An emergency generator set and associated switchboards is arranged forward within the accommodation block, within a separated fire-rated enclosed space complying with the applicable Rules of Regulations.

An integrated automation system (IAS) is used to provide control and monitoring of the vessel's marine and safety systems. The bridge/central control room is the primary control center, manned and located within the accommodation module, and will house the main IAS operator interface. The electronic equipment room (EER) within accommodation will house the main electronic racks allowing easy cable access from the main deck. The engine control room (ECR) located aft will contain mainly the power management system operator control station.

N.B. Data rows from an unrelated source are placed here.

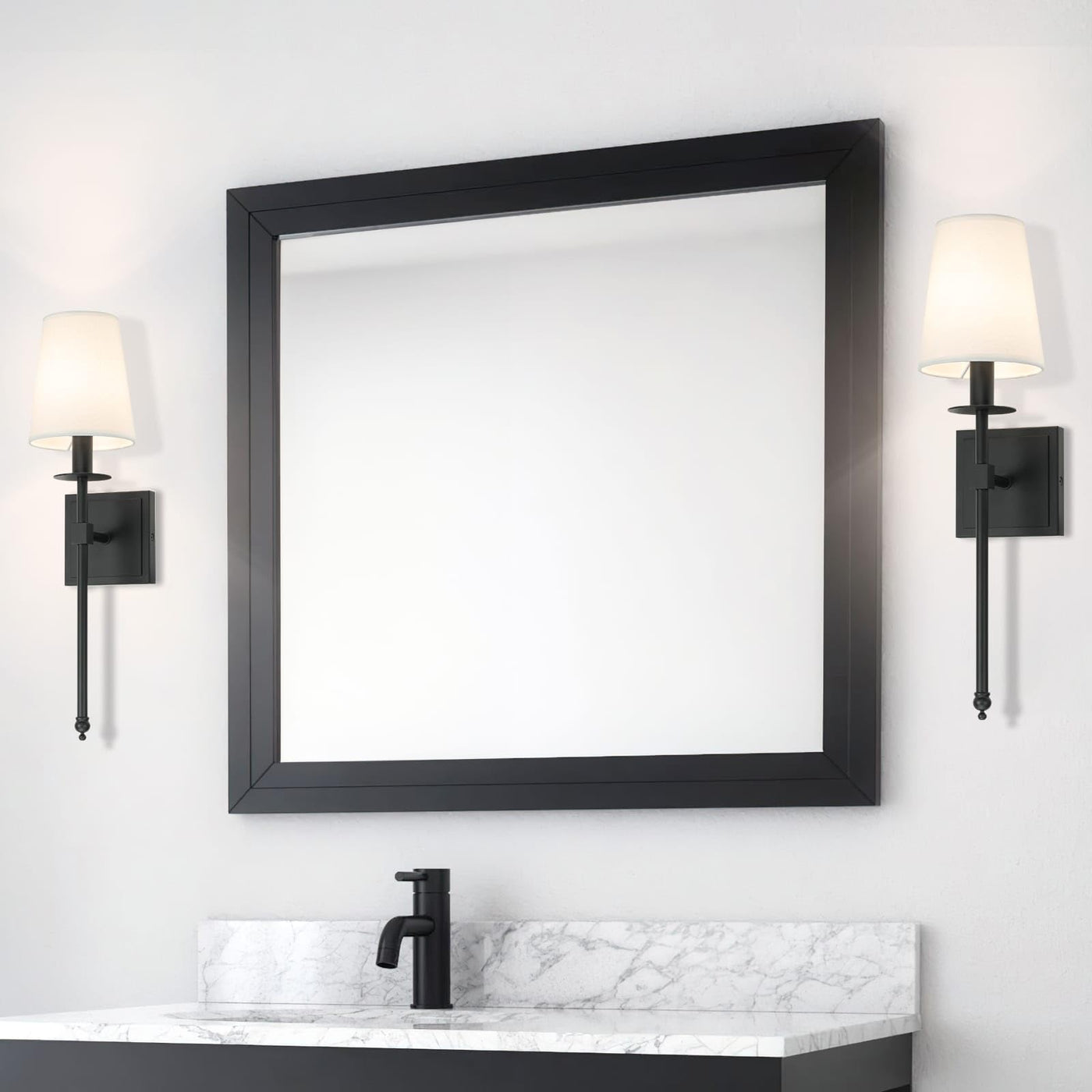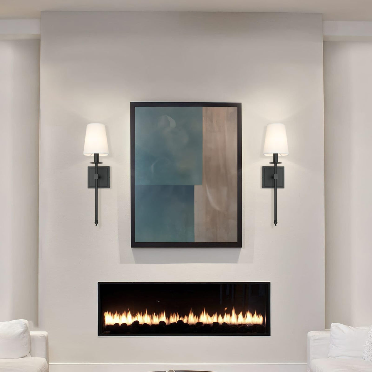 Xinbei Lighting Black Wall Sconces Set Of 2, Classic Sconces Wall Lighting With Flared White Fabric Shade 1 Light Wall Lamps For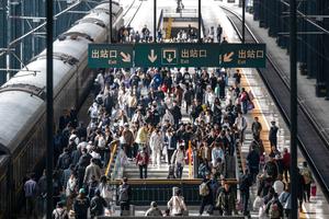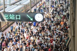 (251007) -- BEIJING, 7 octubre, 2025 (Xinhua) -- Pasajeros esperan para abordar un tren en la Estación del Ferrocarril Longmen...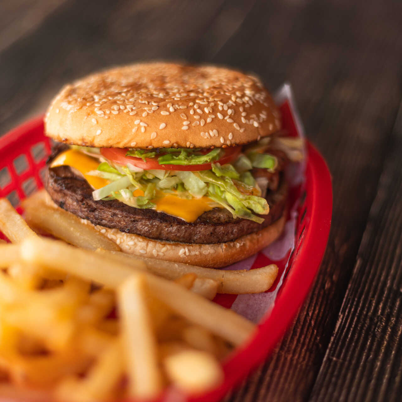 Hamburguesa sencilla con carne y queso + un refresco de tu elección

The IAS will be distributed through the vessel by means of dual-redundant data-highway routed along the main deck between the aft engine control room and forward bridge/central control room. System application and logic will be resident in dedicated intelligent process stations strategically located within the vessel in order to minimize the use of hardwire cables. In critical systems where a higher degree of system reliability is a requirement, consideration is given to having redundant central process units (CPU) within the process station.

The system can be subdivided into the following:

  • Vessel management system
  • Power management system
  • Thruster control system and dynamic positioning
  • Extended well test control system
  • Drilling automation system
  • Fire and gas and emergency shutdown system.

DP and safety

The unit is assigned the DNV Class Notation "Dynpos Autr." In addition, one of the thrusters in the machinery spaces forward and aft is segregated from the other two thrusters, in order to provide an enhanced integrity against fire or flooding scenarios.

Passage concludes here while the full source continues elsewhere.